I’ve been in a really down mood for about the past three hours
I’m taking summer classes for a month at my college, just moved into my cousin’s dorm suite yesterday night. Today she was in the other room, in a skype call with some guy she knows in England. He’s also the same ethnicity we are. I went into the room to get something from her and he noticed I was there. He asked who I was and I was introduced as the cousin to my cousin. So, the dude asked me for my ethnic name. I am from one of those cultures where it’s common to have a Western name and then the ethnic name. So I said my ethnic name. He told me to say it again. I did. He told me to say it again. I did, and added not to pester me about saying it wrong. Guess what he does directly after? Hounds on me for saying it wrong. “How can you not know how to say your own name?” I grew sick of it and just left the room.

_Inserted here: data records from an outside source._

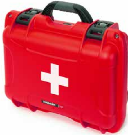
915 First Aid Cases

Interior dimensions L13.8" × W9.3" × H6.2" L351mm × W236mm × H157mm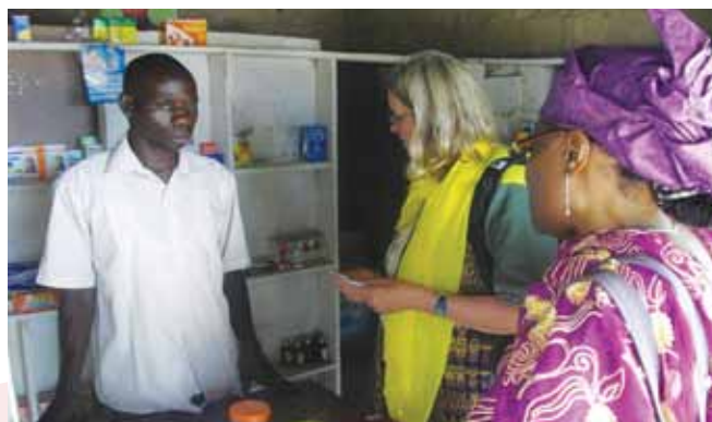
Meeting wit the PPMV in Gombe State

The integration of sales into all programme areas was a critical factor in the company's success of exceeded sales targets for the majority of products in 2010. With anticipated improvement in product stock out, product distribution for the New Year 2011 promises to be more robust as the field continues to augment sales activities.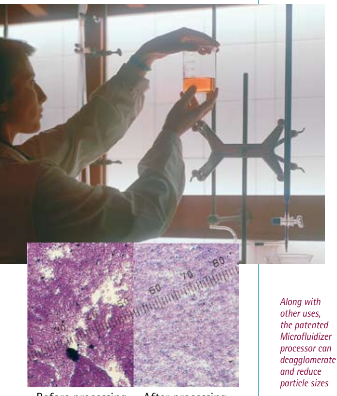
Before processing After processing

Microfluidics produces patented Microfluidizer processor equipment with high-pressure, fixed-geometry interaction chambers that impart intense energy to product formulations. The M-110S produces up to 23,000 psi with standard lab air, for premium results at an affordable cost.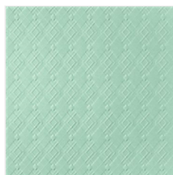
Absolutely Argyle 3D Embossing Folder - 151590

You see, though my family is from a different culture, I was born in America, the western world. I never grew up in my family’s country of origin, I can’t speak the language, and I don’t have the accent. Because of these things, I get a lot of flack from other people in my culture. Even when I go to family gatherings and they hear my lack of accent or inability to speak the native language. By most of them, I’m not considered a part of the culture at all. They see me as American. Yet, I often get categorized by my ethnicity. I get profiled because of my ethnicity, and people start assuming things about me because of it, or made fun of because of it. I am that ethnicity to them, not American. It’s difficult not belonging to anywhere, to the point to where your family doesn’t accept you.

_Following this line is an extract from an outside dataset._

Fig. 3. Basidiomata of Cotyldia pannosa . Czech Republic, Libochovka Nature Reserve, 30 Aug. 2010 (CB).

I got on Skype with my boyfriend soon after and told him what happened. I didn’t expect him to fully understand. He is very empathetic and stuff, but he’s never had to deal with something like that. His family, by Western standards, is undeniably American. No one would even question him about that. Even though his ancestors some generations ago have come from another country, he has enough roots here to be fully American. Me, not so much. It may sound like I want to be American, but that’s not the case. I just want to be accepted. Currently, I belong to nothing. I may have my citizenship in a certain country, but I don’t really belong anywhere. After some time, he said to me that my identity is who I am, not where I come from or what my ethnicity is. Honestly, it’s partially true, but it’s also not. A big part of a person’s identity is their culture; the way they were raised, the values they hold, the way they were taught to see the world. No human exists without a culture, even the “culture-less” western world. But I seem to be stuck in the middle of these two, or rather, kicked out by both.
From there, I couldn’t help but get more and more upset. Everything that passed before my eyes seemed to aggravate and depress me further. An unarmed 22 year old woman was killed by police 2 months ago and no one has made a sound. Serious issues such as domestic violence is being made fun of, lessened, and disregarded. Flipping through pictures and comments on the Rage Guy Facebook Page, I just sank deeper into my depressive state, my thoughts becoming more of a monochromatic blur. The only thing I could glean from the mess was the statement “I hate people”. I really do sometimes. It seems that most people in the world are stupid, ignorant, self-centered, narrow-minded douche-bags. After a while, I didn’t even know what I was depressed about. I was just depressed. I hated the world and I just wanted to quit everything.
My boyfriend tried really hard to get me to cheer up, but even when he succeeded, I ended up slipping right back into the same mood. And when he asked what I was thinking, I couldn’t answer him. I’m not even sure. He’s the one who asked me to start writing on here to try and sort out my thoughts. Right now I am still kinda depressed but mostly hungry, but I don’t have any food of my own, I don’t want to eat my cousin’s food, the nearest place to get food is about a 20 minute walk, I don’t have a car, and if I did leave the room I would be locked out until my cousin gets off of work at 10 pm. I should have asked her to leave her keys, but she probably needs them.
Being in that mood reminded me of 2 years ago, when I got so depressed during the school semester that I got fired from my job and flunked out of school. Though I hadn’t dissolved into tears or anything, it reminded me of how I felt most days of that year. I don’t know what to make of how I am now. I just mentioned to someone I’m chatting with that I am feeling down. He asked if I had the blues, I said “I guess”, and he said they would go away. They probably will, but I am not so sure.